REQUIREMENT. With the images removed, transcribe the listing that follows exactly.

GIVEN INFORMATION: Begin

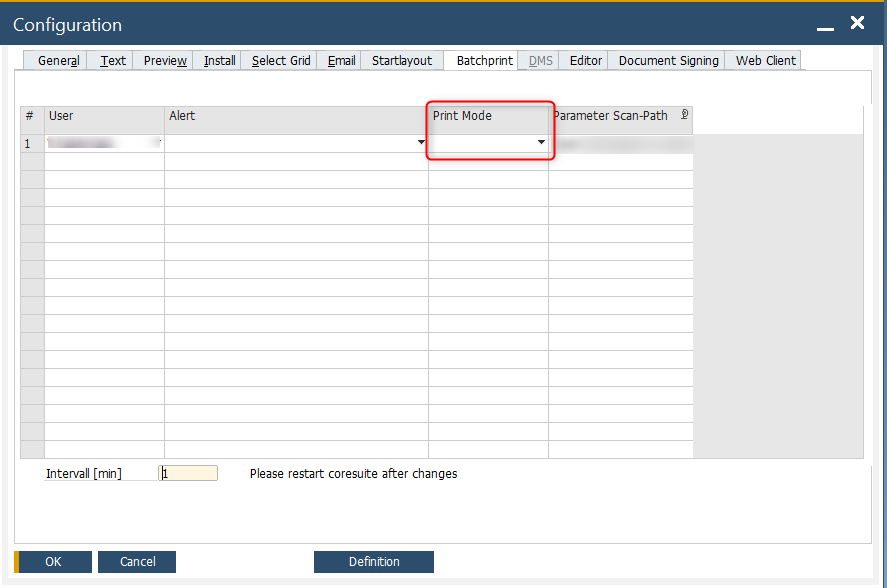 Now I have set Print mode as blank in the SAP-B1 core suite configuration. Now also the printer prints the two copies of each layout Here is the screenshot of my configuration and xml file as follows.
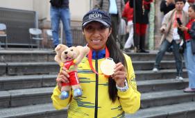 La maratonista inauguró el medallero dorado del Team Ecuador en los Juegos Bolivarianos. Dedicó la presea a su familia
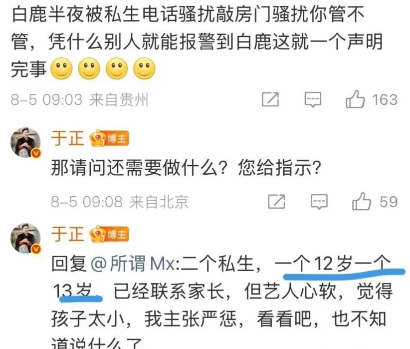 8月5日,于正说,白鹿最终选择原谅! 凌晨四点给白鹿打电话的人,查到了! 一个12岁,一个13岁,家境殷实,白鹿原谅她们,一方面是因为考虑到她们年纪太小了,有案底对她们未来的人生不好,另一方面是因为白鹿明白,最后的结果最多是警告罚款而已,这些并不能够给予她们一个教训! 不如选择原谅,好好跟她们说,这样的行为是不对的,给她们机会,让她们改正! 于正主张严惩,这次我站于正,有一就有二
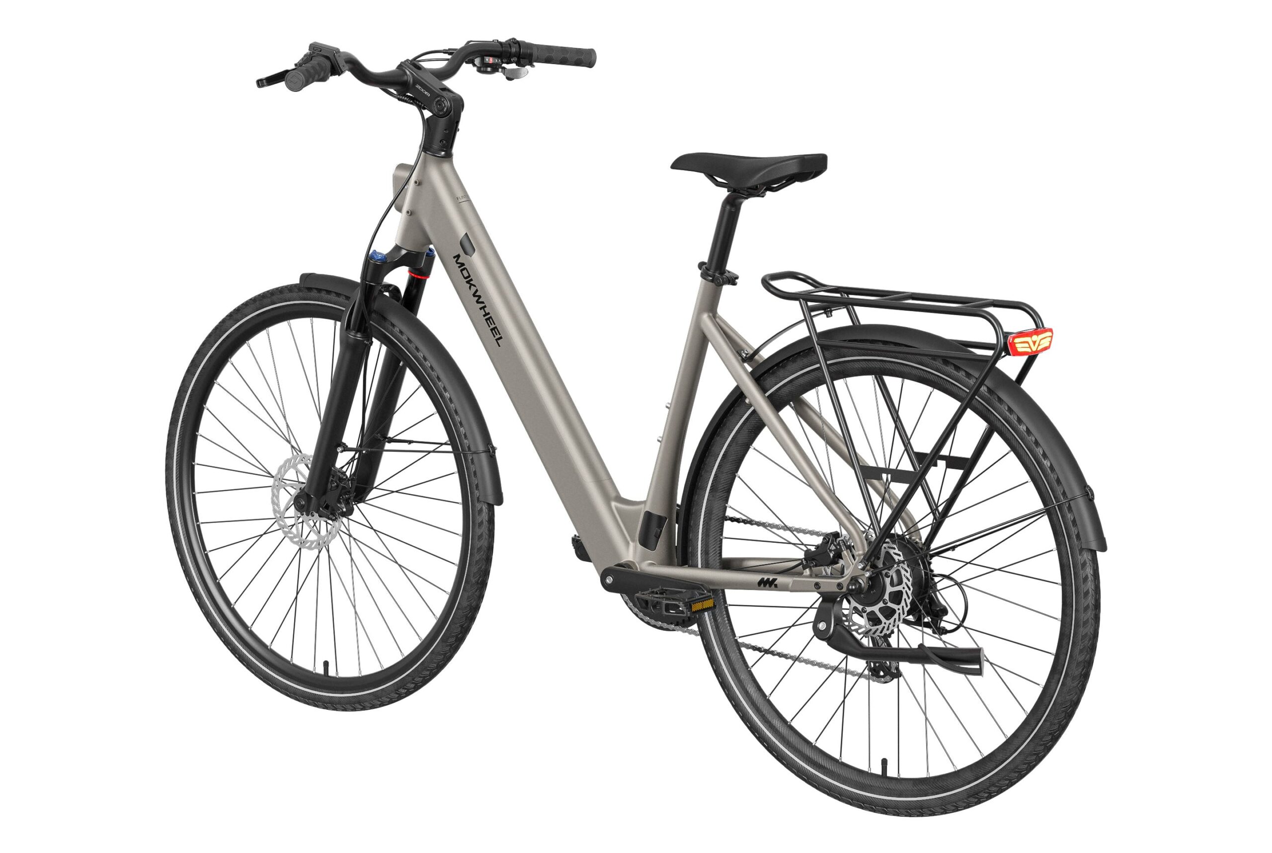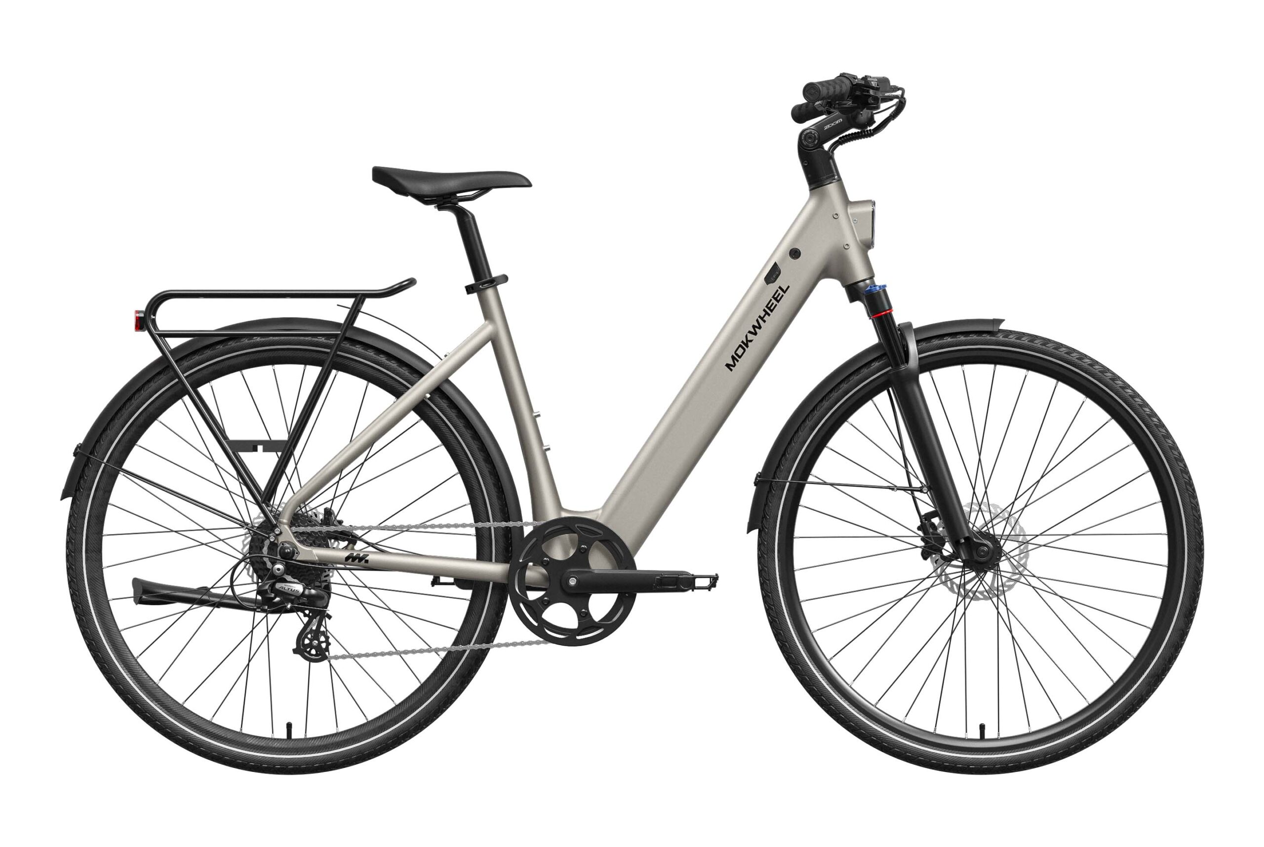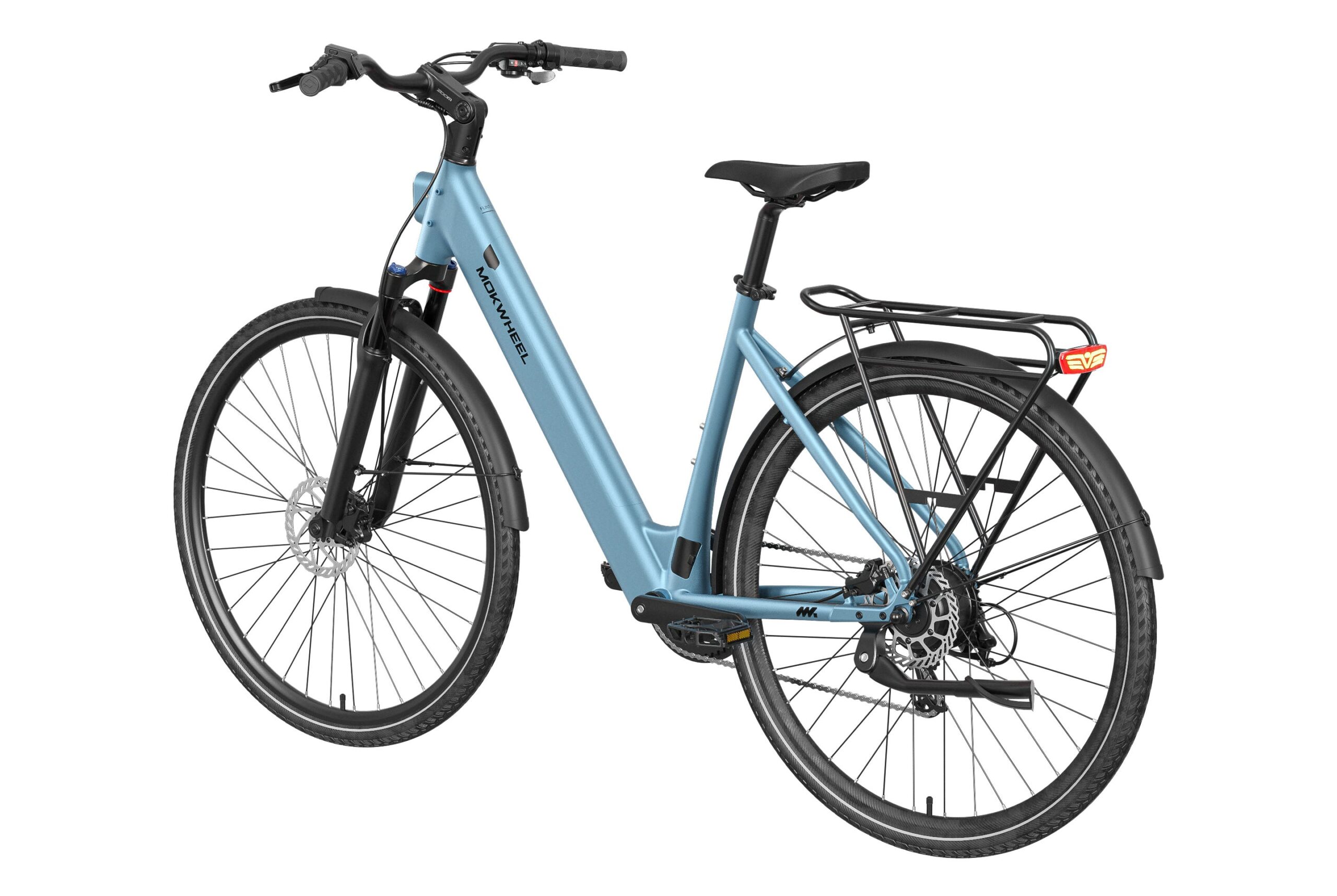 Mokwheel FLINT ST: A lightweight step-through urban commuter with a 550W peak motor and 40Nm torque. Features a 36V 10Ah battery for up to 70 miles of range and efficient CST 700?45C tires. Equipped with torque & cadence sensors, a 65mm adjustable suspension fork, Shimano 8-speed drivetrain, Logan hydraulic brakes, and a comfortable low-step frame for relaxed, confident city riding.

GIVEN INFORMATION: End

YOUR RESPONSE.
 Now I have set Print mode as blank in the SAP-B1 core suite configuration. Now also the printer prints the two copies of each layout Here is the screenshot of my configuration and xml file as follows.
 La maratonista inauguró el medallero dorado del Team Ecuador en los Juegos Bolivarianos. Dedicó la presea a su familia
 8月5日,于正说,白鹿最终选择原谅! 凌晨四点给白鹿打电话的人,查到了! 一个12岁,一个13岁,家境殷实,白鹿原谅她们,一方面是因为考虑到她们年纪太小了,有案底对她们未来的人生不好,另一方面是因为白鹿明白,最后的结果最多是警告罚款而已,这些并不能够给予她们一个教训! 不如选择原谅,好好跟她们说,这样的行为是不对的,给她们机会,让她们改正! 于正主张严惩,这次我站于正,有一就有二
 Mokwheel FLINT ST: A lightweight step-through urban commuter with a 550W peak motor and 40Nm torque. Features a 36V 10Ah battery for up to 70 miles of range and efficient CST 700?45C tires. Equipped with torque & cadence sensors, a 65mm adjustable suspension fork, Shimano 8-speed drivetrain, Logan hydraulic brakes, and a comfortable low-step frame for relaxed, confident city riding.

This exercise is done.